We have nursing homes, assisted living facilities, senior communities, and other types of housing and assistance for our elders.  We have families that don't feel they have another option for mom and dad or grandma and grandpa than a facility of some sort when they can no longer live safely at home alone.  There are great facilities in this country.  There are mediocre facilities in this country and there are a pathetic, sad excuses for facilities in this country.  Many, if not most, of our elders live on fixed incomes with the inability to afford more than basic necessities.  Often, they must make decisions between food and medicines during the month because their social security checks are not enough to cover the cost of both. 

In East Texas, where I live, there are some of our elders that do not have running water in their homes.  They do not have heat during the wintertime, so they leave their gas cook stove burners on all night just to take the chill out of the air.  Many of them do not have adequate nutrition because they cannot afford the cost of the foods they need to buy for optimal health.  They instead purchase cheaper foods of convenience, which are not healthy choices in most cases.  Many of them are on a waiting list for Meals-on-Wheels (a government funding program that delivers one meal a day Monday through Friday) but the program doesn't deliver in some rural areas.  Or the funding has been depleted because of the vast need in this rural, depressed economic area.  

Where are these elders children and family? 

We...this society, this country...are throwing our elders away as though they have nothing left to contribute to our way of life.  As if they are non-productive members of society.  Why have we forgotten how our country was built and who gave us the way of life we now enjoy?

Our elders fought wars to protect our way of life.  When Japan attacked Hawaii, our elders responded with vengeance because of their love for this country.
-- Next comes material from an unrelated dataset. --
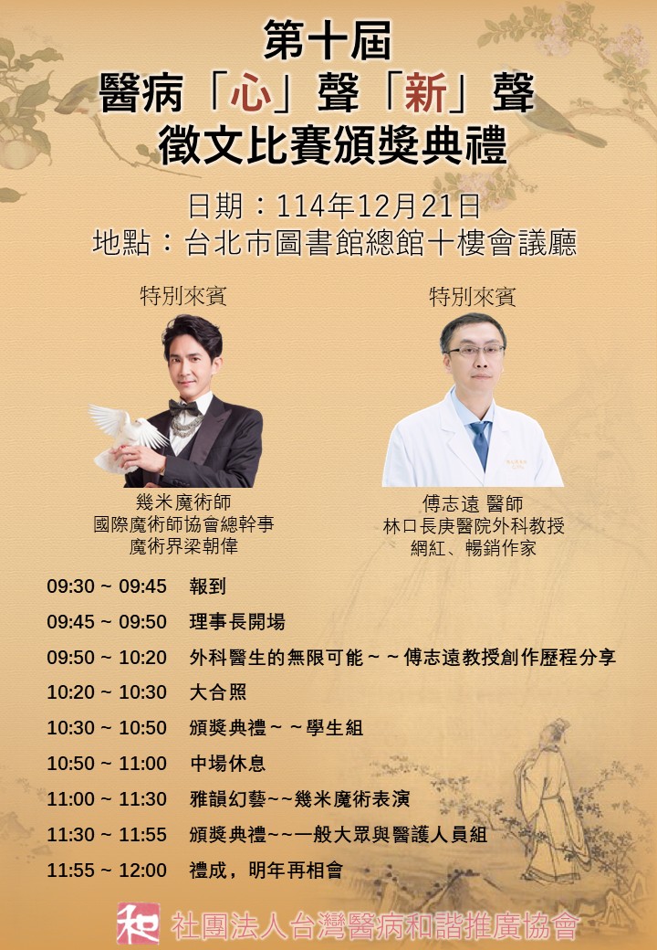 | 2025/12/07 | 12/21(日)9:30-12:00於台北市圖書館總館10F會議廳舉辦「醫病心聲徵文頒獎典禮」。活動免費、不須報名!歡迎闔家到場一起享受暢銷書作家演講及歡樂的國際級魔術表演! |

Our elders built our infrastructure.  Who do we believe is responsible for our interstate systems, our highways and byways?  It is our elders! 

Our elders lived through and/or were born during the Great Depression.  And survived.  We have not experienced anything as vastly devastating as that time in our country's history as younger generations. 

Our elders have wisdom and knowledge that only comes from experience and living life.  Are we so arrogant to think that they know nothing?  That they have nothing to share with us?  That we cannot learn from the events that took place during their lives?

Do they not deserve honor and respect from the younger generations for their sacrifices?


The Body of Christ is told that:

James 1:27 - Pure and undefiled religion before God and the Father is this: to visit orphans and widows in their trouble, and to keep oneself unspotted from the world.

Are we visiting our widows in their time of trouble?  Are we stepping as the Body of Christ and providing what our elders need to sustain them through their latter years? 

Or do we believe it isn't our problem?  After all, he/she isn't my grandmother/grandfather.  But he or she is someone's grandmother or grandfather.   Why do we let the gutters fall off their houses or the paint chip away?  Why do we let their steps on their front porch rot away?   Why do we let them go without food because their medications are too expensive? 

We need to stop saying, "Yeah, but what can I do?"  We need to look around us.  We need to engage our elders.  We need to pay attention to our neighbors.  We need to make sure they understand we will not forget them!  They are important.  They are loved.  They are respected.  They are cared for. 

It is not the government's job to provide for our elders.  It is ours.  Will the Body of Christ please step forward?